If a questionnaire can be pre-coded completely, with an edge-code indicating the location of the variable in the data file, then it is not necessary to have a separate codebook and a blank questionnaire can be used as a codebook.
However, there is not enough space on the questionnaire to identify all codes, especially for post-coding and for open-ended questions that receive many answers.
Coding Non-responses
As a result of failure to provide any answer to a question at all, non-response (or missing cases) occurs, and these are inevitable in any questionnaire.
In order to avoid non-responses, care should be taken, but if these occur, the researcher must devise a system for coding them, preferably a standard system, so that the same code can be used for non-responses irrespective of the specific question.
A numerical code should be assigned to a non-response.
0 and 9 are the numbers most often used for non-response.

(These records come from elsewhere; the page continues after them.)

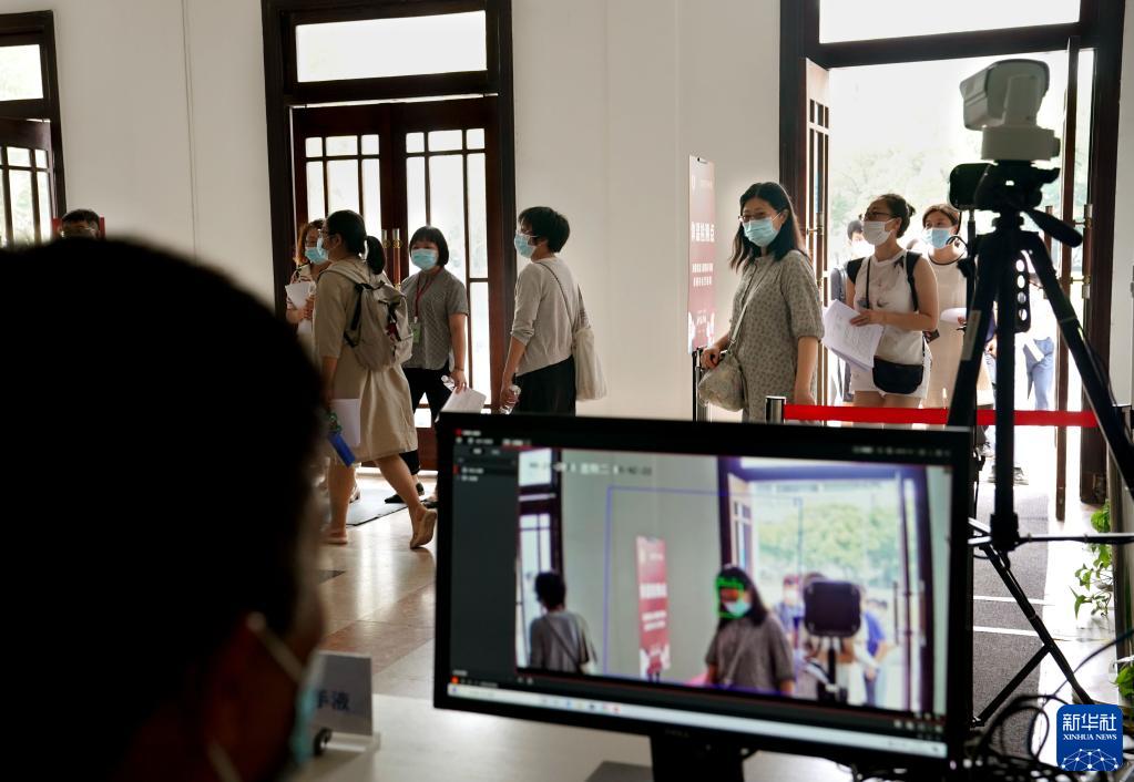 8月24日,在華東師范大學(xué),參加演練的人員進(jìn)入教學(xué)樓時接受測溫。 當(dāng)日,華東師范大學(xué)舉行2021年秋季學(xué)期開學(xué)疫情防控演練,以進(jìn)一步做好開學(xué)期間校園防疫工作。 新華社記者 劉穎 攝
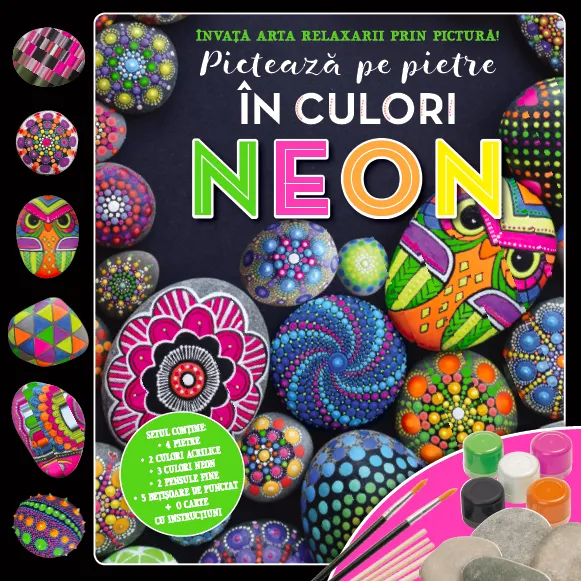 Ideal pentru cei pasionati de indeletniciri artistice creative, acest mic manual de pictura pe pietre te invata cum sa creezi adevarate opere de arta tridimensionale, pline de viata si de culoare, care-ti pot infrumuseta casa ori gradina sau pot deveni cadouri inedite pentru cei dragi . Autoarea Katie Cameron a adunat in carte opt modele de pictura in culori neon, de la hipnotica Piatra Infinita la simpatica Mica Bufnita morocanoasa.
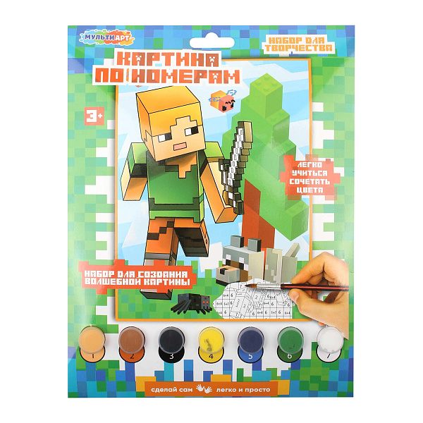 В комплекте — качественный холст с контурным рисунком и примерами, 7 баночек акриловых красок и кисточка для удобного нанесения краски. Краски безопасны для детей, гипоаллергенны, легко наносятся и быстро сохнут, позволяя создавать яркую и долговечную картину. Плотная основа холста обеспечивает равномерное распределение краски и сохранность изображения. Набор подходит для детей от 3 лет и старше, а готовая работа станет прекрасным украшением интерьера или уникальным подарком, созданным собственными руками.
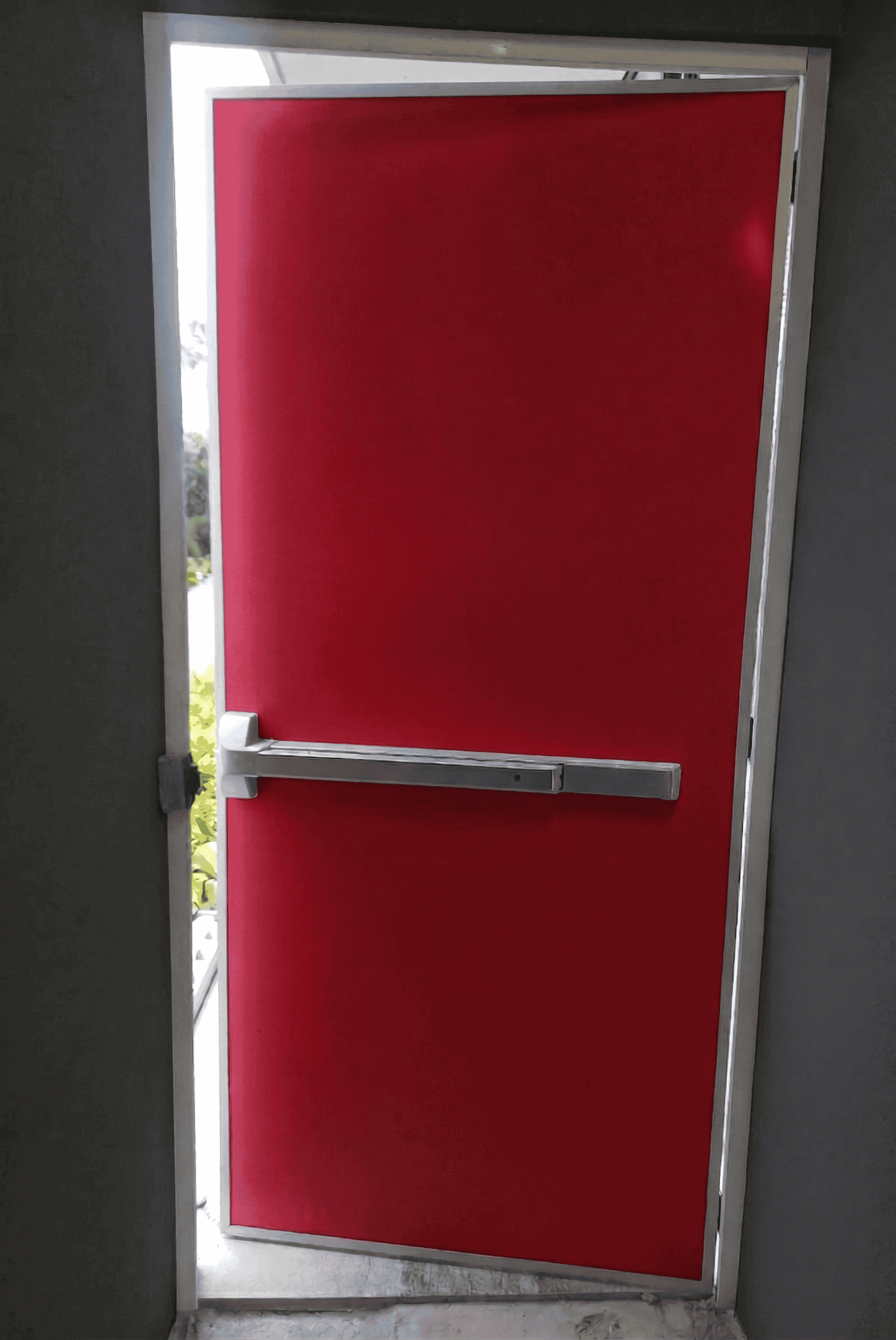 La puerta de emergencia está fabricada con perfil tubular galvanizado calibre 20 de 1 1/4 x 3/4 con uniones perimetrales electrosoldadas que garantizan solidez durabilidad. Cuenta con refuerzos estructurales de 2 , adaptados a las dimensiones solicitadas por el proyecto , y se encuentra preparada para la instalación de barras antipánico, chapas, mirillas y otros accesorios según requerimientos específicos, En su interior incorpora una placa termoaislante de lana mineral, la cual actúa como retardante al fuego y aislante acústico ofreciendo mayor seguridad y confort.

The number is merely repeated for each column for variables that require more than one column (e.g., 99, 999).
For non-response, any numerical code is satisfactory as long as it is not a number that might occur as a legitimate response.
For instance, if you were to ask the respondent to list the number of children in their family, because you could not distinguish a non-response from a family of nine children, you should not use 9 for non-response.
Code may also need to be assigned in addition to non-response items for "do not know" abbreviated "DK" responses and for "not applicable (NA)" responses, provided that the question does not apply to a particular respondent. Responses to 'Don't know' are often coded as 'O' or 'OO.'
Key Takeaways:
|
Data analysis
In order to discover useful information for business decision-making, data analysis is defined as a process of cleaning, transforming and modeling data. The purpose of Data Analysis is to extract useful data from the data and to make decisions based on the analysis of the data.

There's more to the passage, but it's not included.